Alan Bradley abradley1 at SPAMbigpond.com
Sat May 19 00:39:59 MDT 2001


> From: Borba100 at aol.com
> attempts to set up Fifth Columns

This Fifth Column idea is the heart of the matter.

These "Fifth Columns" apparently include:  the East Timorese independence
movement, the ENTIRE Philippines left (including the New Peoples' Army), the
Fijian trade unions, the Pakistani left (who are opposing the dictatorship),
and all the rest of the "Uncle Toms and Imperial imports".

There is something wrong with this picture.  The question is:  what?

Well, the first answer that comes to mind is that the whole concept is a
sectarian fantasy, but this really isn't adequate, is it?

So, let's try another approach.  I will say at the outset that I am making
this up as I go along, and what I am about to write should be treated as
nothing more than some vague ideas.

OK - we have a set of situations where there is a three-cornered struggle.
Basically, the combatants are:  the Imperialist bourgeoises, the national
bourgeoisie of the state in question (who may be factionalised themselves,
as in the Philippines and Indonesia), and either an oppressed nationality or
the local working class.  (I will focus on the case where it is the working
class.)

All three of these classes (Imperialist bourgeoisie, national bourgeoisie
and the proletariat) are in contradiction with each other.  The Imperialist
bourgeoisie, however, is geographically located elsewhere, and it is usually
the national bourgeoisie that directly controls the state power that
confronts the proletariat.  As such, the proletariat and the national
bourgeoisie will tend to be locked in a more or less direct class struggle,
while the Imperialists interfere from the sidelines.

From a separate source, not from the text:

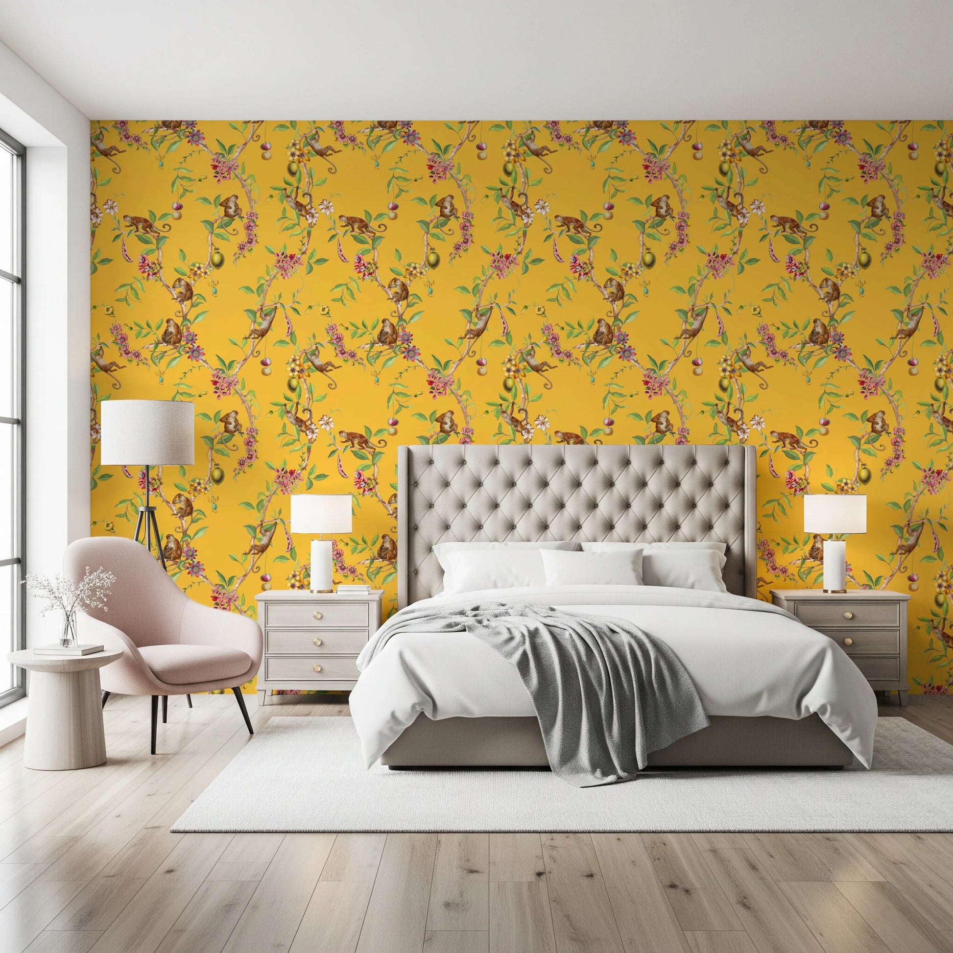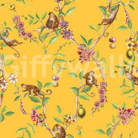 Whimsical Playing Monkeys Family Vintage Exotic Garden yellow Wallpaper⁠

Here we begin to see the "Fifth Columnists" coming into the picture...

(But first I will note in passing that there are _genuine_ "Fifth
Columnists" out there, in the form of the liberal NGOs.  These are not who I
am talking about here.)

The Imperialists, of course, are not idiots, and will take advantage of the
contradiction between the proletariat and the national bourgeoisie when it
suits their purposes.  In this situation, the proletariat's organisations
will appear to be "Fifth Columnists" to the "anti-imperialists", who see the
contradiction between the Imperialist and national bourgeoises as primary.
(Worse, the habit of viewing the proletariat in this manner can also lead to
them being seen as "Fifth Columnists" in situations where the Imperialists
are basically sitting on their hands smiling approvingly, as in the case of
the Philippines.)

The present debate is between those leftists (mostly in the Imperialist
states) who have been trained to side with the proletariat and its
organisations at all times and in all cases, and the "anti-imperialists",
who have been trained to view the proletariat's organisations as sectarian
(or downright treacherous) when they come into conflict with the national
bourgeoisie, at least at times the latter is in conflict with the
Imperialists.

I think that the (more lucid) partisans of both schools could agree that
there is a time when the proletariat should form a bloc with the national
bourgeoisie against the imperialists.  The question is when.

At the moment it seems that a wing of the "anti-imperialists" are tending to
say "now", in at least some cases where the "conflict" between the
imperialists and the national bourgeoisies is more sizzle than sausage.  The
Philippines is one case.  I suspect that Pakistan would be another, although
it hasn't come up yet.

What is to be done in Zimbabwe?  Damned if I know.

Well, the above is a load of rubbish isn't it?  It doesn't even begin to
address East Timor - but I think that that is a case where the prism of
"anti-imperialism" has distorted the picture.

More seriously, I haven't addressed the blunders of the "working class first
and always" camp.  This is actually fairly difficult to do, since there are
as many sets of errors as there are people making them.  For example, there
_were_ people who appologised for the bombing of Yugoslavia.  These idiots
should be pelted with stones.  But they are _not_ the same as the people who
didn't consider Milosevic the height of working class heroism, but opposed
the bombing anyway.  It was the "anti-imperialists" who painted them as
equal, and such hysteria only leads to sectarian idiocy.